# Ihagee Dresdan Exakta Camera



## Montowi102 (Feb 28, 2012)

I found this camera in a box of my grandfather's stuff after he passed.  I've have no idea where it came from or how long he'd had it.  Identifying marks on camera include:
"EXAKTA" written in white on back background above lense
"IGAHEE" and "DRESDAN" on either side of the lense
"USSR Occupied" on right near dial

Lense is:
Steinheil Munchen Auto-Quinon
1:1.9 
f+ 55mm
1642172

Came in a hard brown leather case with "IGAHEE" in script across the front.

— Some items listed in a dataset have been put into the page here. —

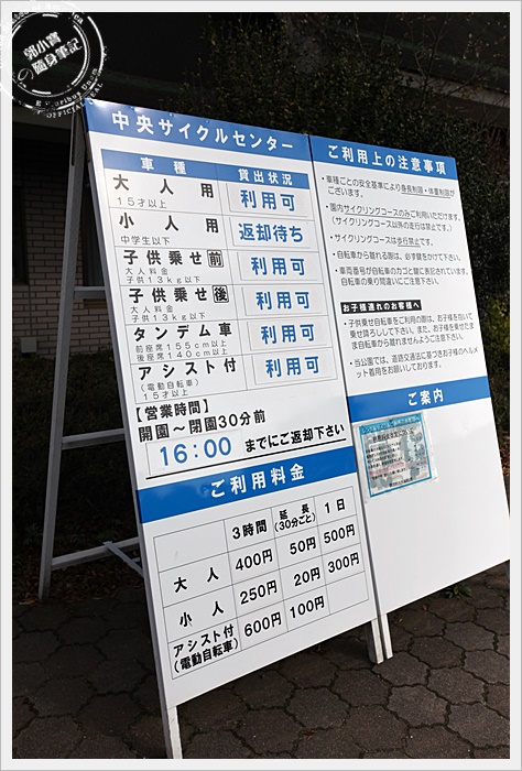 | 租腳踏車的價目表,滿建議租一整天也才五百日幣真的很划算,比起台灣的租腳踏車費用真的太划算了。 |
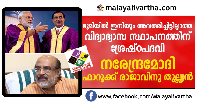 ലോകത്ത് ഇന്നുവരെ ഒരു ഭരണാധികാരിയും സഞ്ചരിച്ചിട്ടില്ലാത്ത ഭ്രമണപഥത്തിലൂടെയാണ് നരേന്ദ്രമോദിയുടെ പ്രയാണം ; റിലയന്സ് ഇന്സ്റ്റിറ്റ്യൂട്ടിന് ശ്രേഷ്ഠപദവി നല്കിയതിനെരെ മന്ത്രി തോമസ് ഐസക്
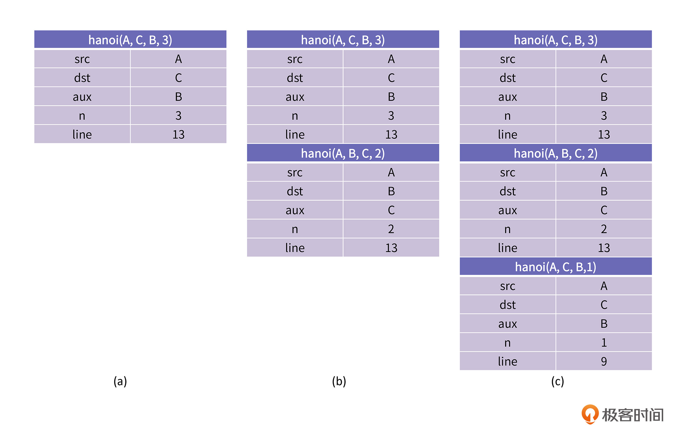 可以看到,当程序在执行hanoi(A, C, B, 3)时,CPU会为其创建一个栈帧,这一帧里记录着变量src、dst、aux和n。
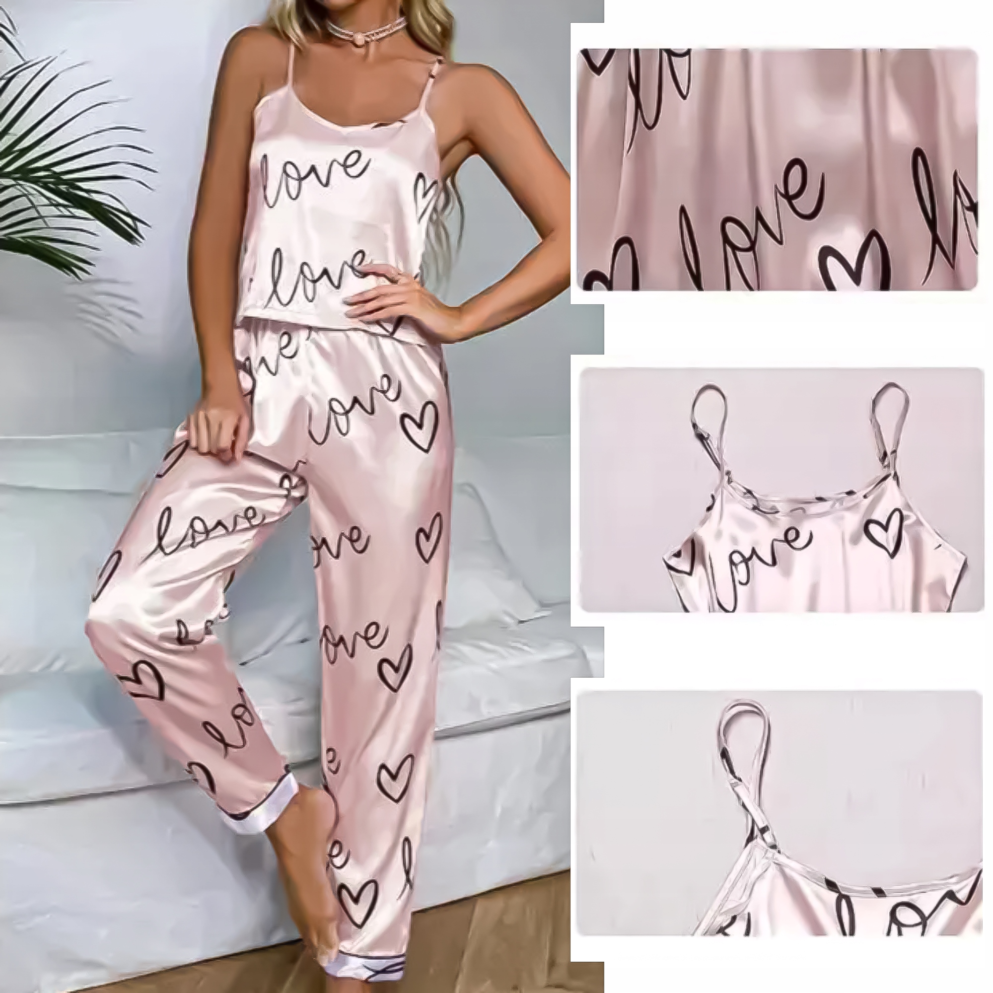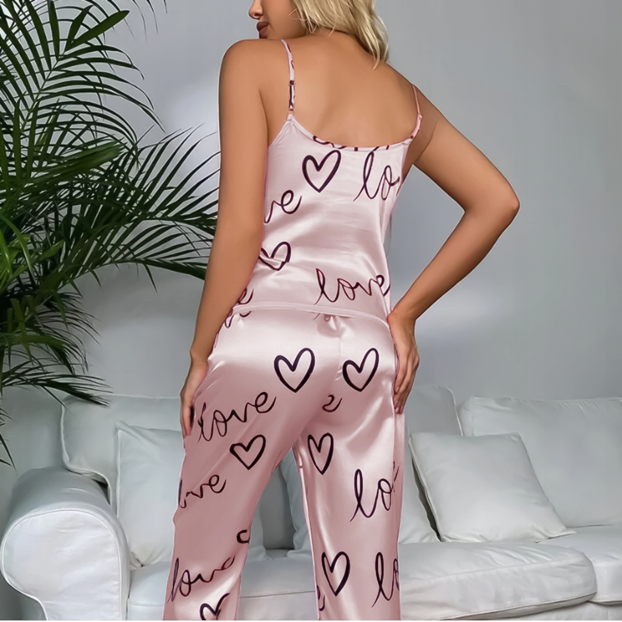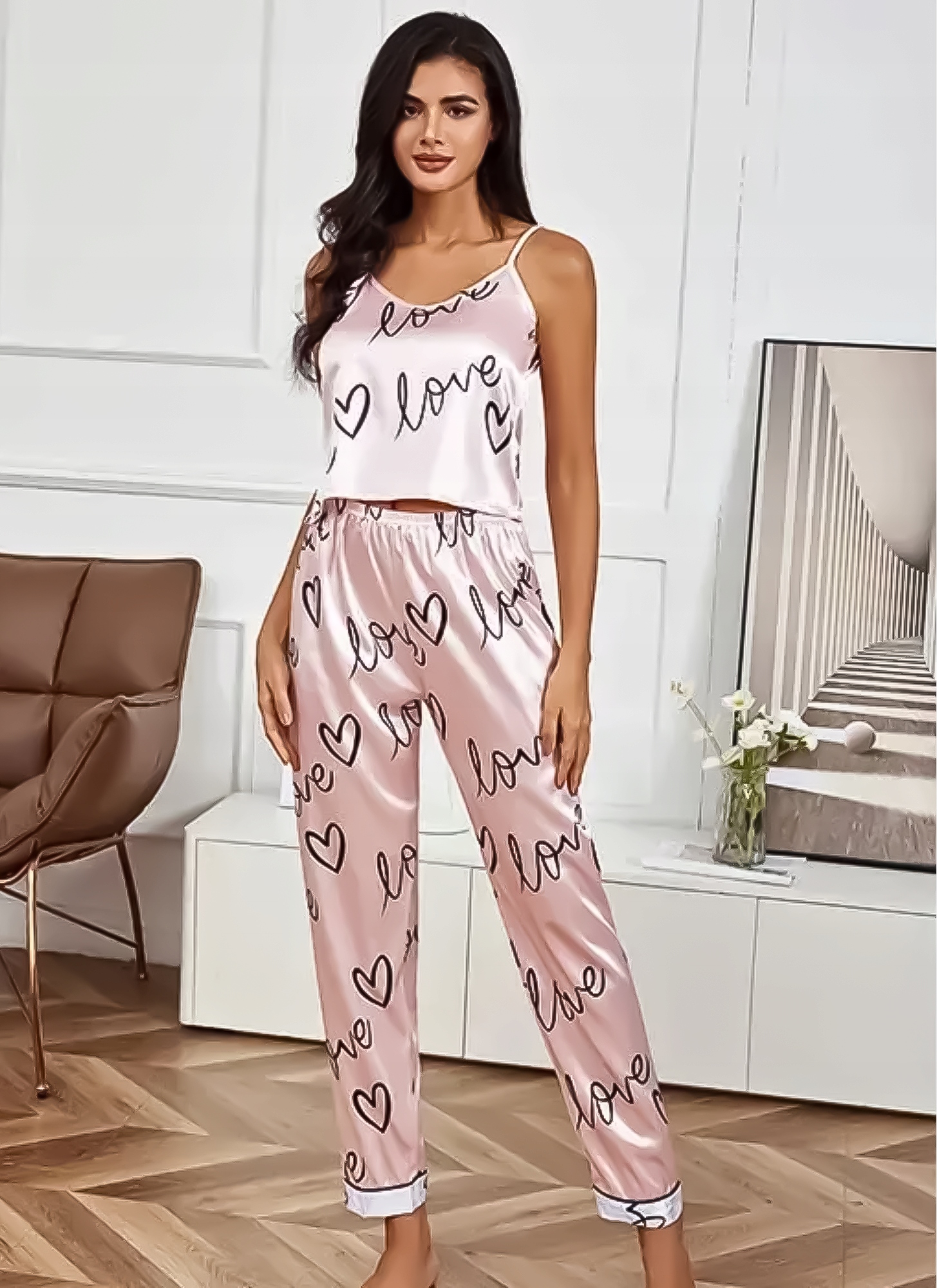 Пудрово-рожевий колір у поєднанні з чарівними написами «LOVE» і сердечками надає піжамам надзвичайний шарм і романтичний вигляд, який підкреслює природну жіночність жінки, яка їх одягає.

I've attending to search online for any information about the age of this camera, I beleive it was made between 1956-1963. Maybe the US version of a popular german camera. I'm not able to post pictures for whatever reason, I'll try again later.  But in the meantine, any ideas?


----------



## compur (Feb 28, 2012)

The Exakta cameras are a famous line of SLRs with many fans. There is lots of info on the web about them. 

BTW, that's a very good lens -- I have one.


----------



## IanG (Mar 14, 2012)

The "USSR Occupied" means it was officially imported into the US and that it's a post WWII model.  It'll won't be a Varex as that name couldn't be used in the US so will be a V, VX, VXIIa or b most likely, all great cameras.

Ian


----------